|Initial release||4 October 2015|
v0.2.25.223616 (21 October 2022 )
|License||Apache License 2.0|
MicroG (typically styled as microG) is a free and open-source implementation of proprietary Google libraries that serves as a replacement for Google Play Services on the Android operating system. It is maintained by German developer Marvin Wißfeld. In a presentation, Wißfeld described microG as "the framework (libraries, services, patches) to create a fully-compatible Android distribution without any proprietary Google components".
Although Google initially released the Android operating system as open-source software in 2007, the company gradually replaced some of Android's open-source components with proprietary software as Android grew in popularity. Marvin Wißfeld, a German software developer, created the NOGAPPS project in 2012 as a free and open-source drop-in replacement for Google Play Services, Google's closed-source system software that has been pre-installed on almost all Android devices. The NOGAPPS project became MicroG by 2016.

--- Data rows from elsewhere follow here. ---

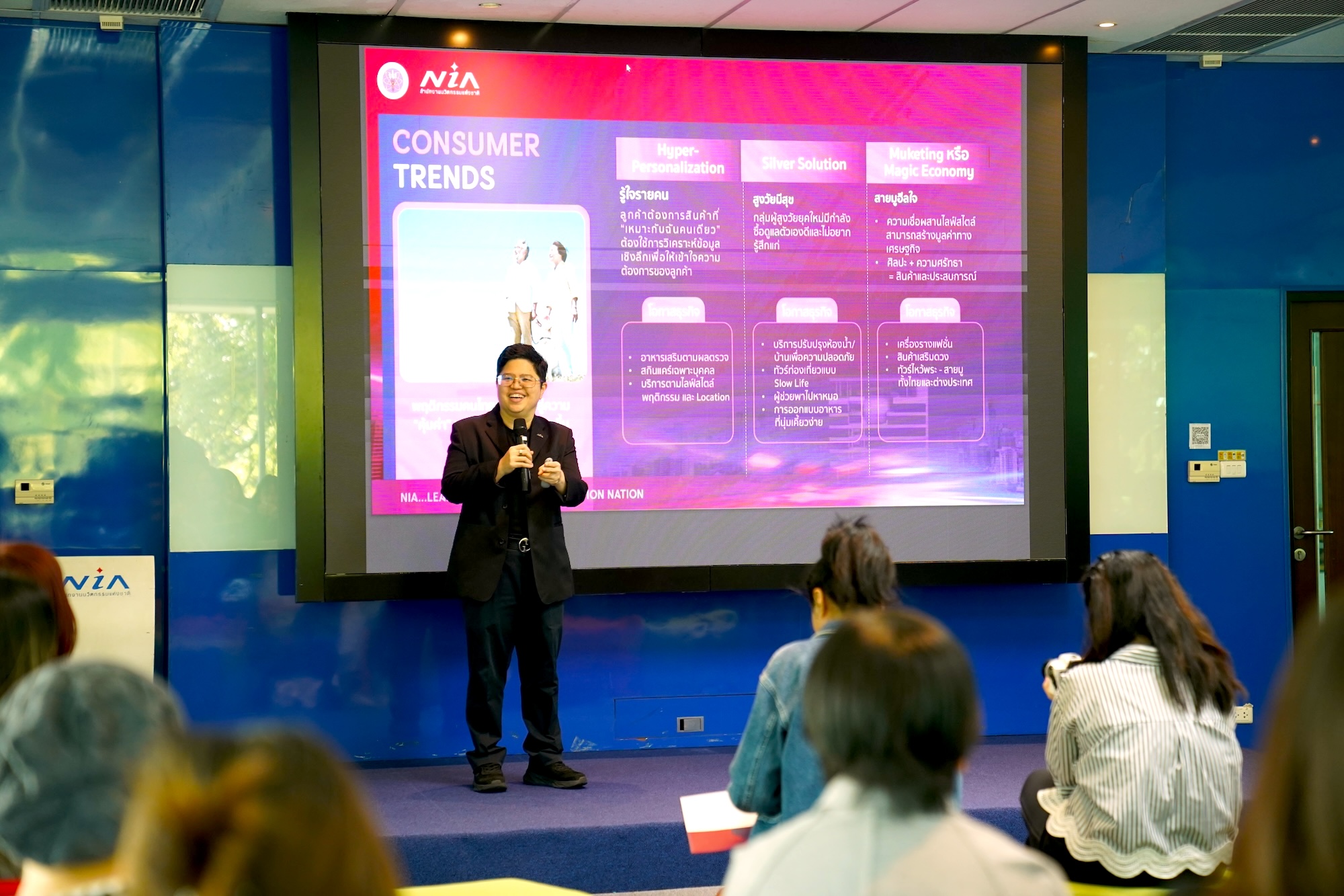 ในการนำนวัตกรรมไปสู่ตลาดและการขยายธุรกิจ ซึ่งปีนี้ NIA มุ่งเน้นการต่อยอดและขยายผลกลไกการร่วมลงทุน เช่น Corporate Co-funding และ กลไกการร่วมลงทุนจากภาครัฐ (NIA venture) โดยดำเนินการร่วมกับบริษัทร่วมลงทุน (VC/CVC)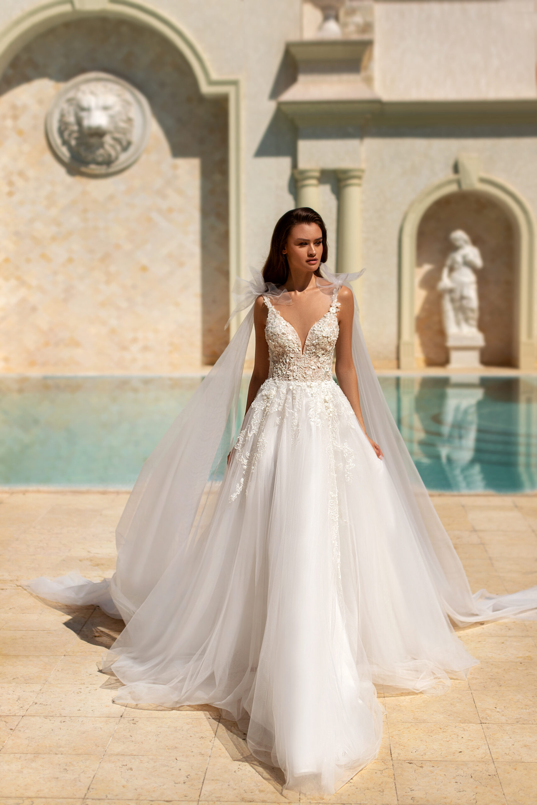 Ofelis sú veľmi romantické svadobné šaty s čipkovaným topom, vystúpenými kvetinkami, odhaleným chrbtom a tylovou sukňou s možnosťou tylových mašlí.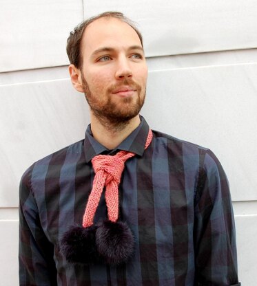 This is a pattern for a fun little scarf. It is a basic rib stitch, knit flat, with a repeated cable motif. You may add pom-poms at either end...faux fur or made from yarn.http://designers.loveknitting.com/#/design/new/about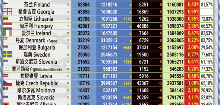 07.08.2022: COVID-19 新型冠状欧洲疫情表。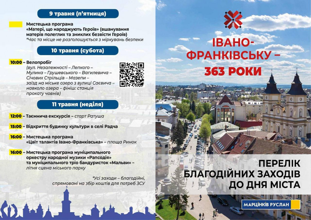 Міський голова Руслан Марцінків оприлюднив програму заходів до відзначення Дня міста Івано-Франківська.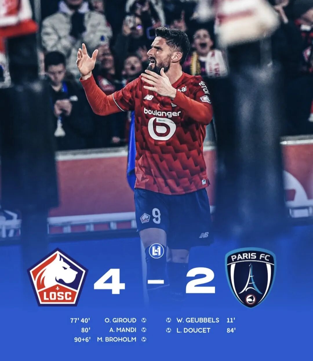 法甲第13轮比赛,吉鲁上演梅开二度,帮助里尔主场4-2击败巴黎FC。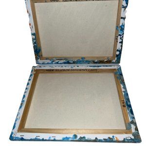 Set of Two Framed Canvas Paint Pour Style Paintings Artist Laura Mellencamp11x14

MicroG allows Android apps to access replica application programming interfaces (APIs) that are provided by Google Play Services, including the APIs associated with Google Play, Google Maps, and Google's geolocation and messaging features. Unlike Google Play Services, MicroG does not track user activity on the device, and users can selectively enable and disable specific API features. Depending what apps are installed by users, user activity may still be tracked by Google.
See also: LineageOS
In 2017, microG released "LineageOS for microG", a fork of LineageOS – a free and open-source Android-based operating system – that includes both MicroG and the F-Droid app store as pre-installed software. LineageOS for MicroG was created after LineageOS developers declined to integrate MicroG into LineageOS; the developers cited MicroG's need to spoof code signatures as a security concern. To enable MicroG's functionality, LineageOS for MicroG includes limited support for signature spoofing.
MicroG developers claim that older smartphones consume less battery power using LineageOS for MicroG compared to operating systems that use Google Play Services. LineageOS for MicroG supported 39 device models in 2017, and now supports the same device models as LineageOS. Devices receive newer versions of LineageOS for MicroG through weekly over-the-air updates.
For a 2018 paper on Android app privacy, security researchers from Nagoya University used MicroG to bypass Google's SafetyNet security mechanism on an Android Marshmallow emulator. The researchers altered Android's package manager and implemented signature spoofing to enable MicroG on the emulator.
CalyxOS includes options for using MicroG as a privacy enhanced replacement for some of the functionality in Google Play Services.
DivestOS, a LineageOS soft fork, chose not to support MicroG or other ways of installing or running proprietary Google apps.
Essential Products' "Project Gem" smartphone, previously in development, used a fork of Android that eschews Google Play Services in favor of MicroG, according to Essential's commits to the Android codebase in late 2019. Essential Products shut down in February 2020.
Proprietary ROM IodéOS includes MicroG.
As of May 2022, Murena company is selling a few phones including MicroG with the /e/ operating system, a privacy-oriented fork of LineageOS, with Google Services "mostly removed". In 2019, companies associated with /e/ began selling refurbished smartphones with MicroG pre-installed.
In 2020, OmniROM began providing builds including MicroG built in for certain devices.
In 2016, Nathan Willis of LWN.net expected MicroG to be a "welcome addition" for users of alternative Android-based projects, including CyanogenMod, Replicant, and Blackphone. Willis suggested that MicroG could increase its adoption by collaborating with these projects.
Corbin Davenport, writing for Android Police in April 2018, installed LineageOS for MicroG on a Xiaomi Mi 4c smartphone using the Team Win Recovery Project image in an experiment in which he exclusively used open-source software on Android. Davenport was unable to log in to his Google Account through MicroG and concluded that "Going all open-source isn't feasible", despite the high quality of some open-source Android apps from F-Droid. Lifehacker's Brendan Hesse recommended MicroG in his November 2018 tutorial to "quitting Google". Hesse saw MicroG as a "promising" alternative to Google Play Services that was "incomplete and still in development", but said that it was "usable" and "runs pretty well".
Steven J. Vaughan-Nichols, in a 2019 ZDNet review of a refurbished Samsung Galaxy S9+ smartphone from /e/, determined that applications which were more closely integrated with Google Mobile Services were less likely to function properly with MicroG. During his device test, Vaughan-Nichols was able to use Signal, Telegram, Facebook, and other Android apps with no problems, while Lyft and Uber operated less reliably; Vaughan-Nichols was not able to run Google Maps or Twitter at all, concluding, "applications can be a pain" and "installing /e/ is a monster of a job." In May 2022, Vaughan-Nichols in ZDNet wrote "in the /e/OS, most (but not all) Google services have been removed and replaced with MicroG services."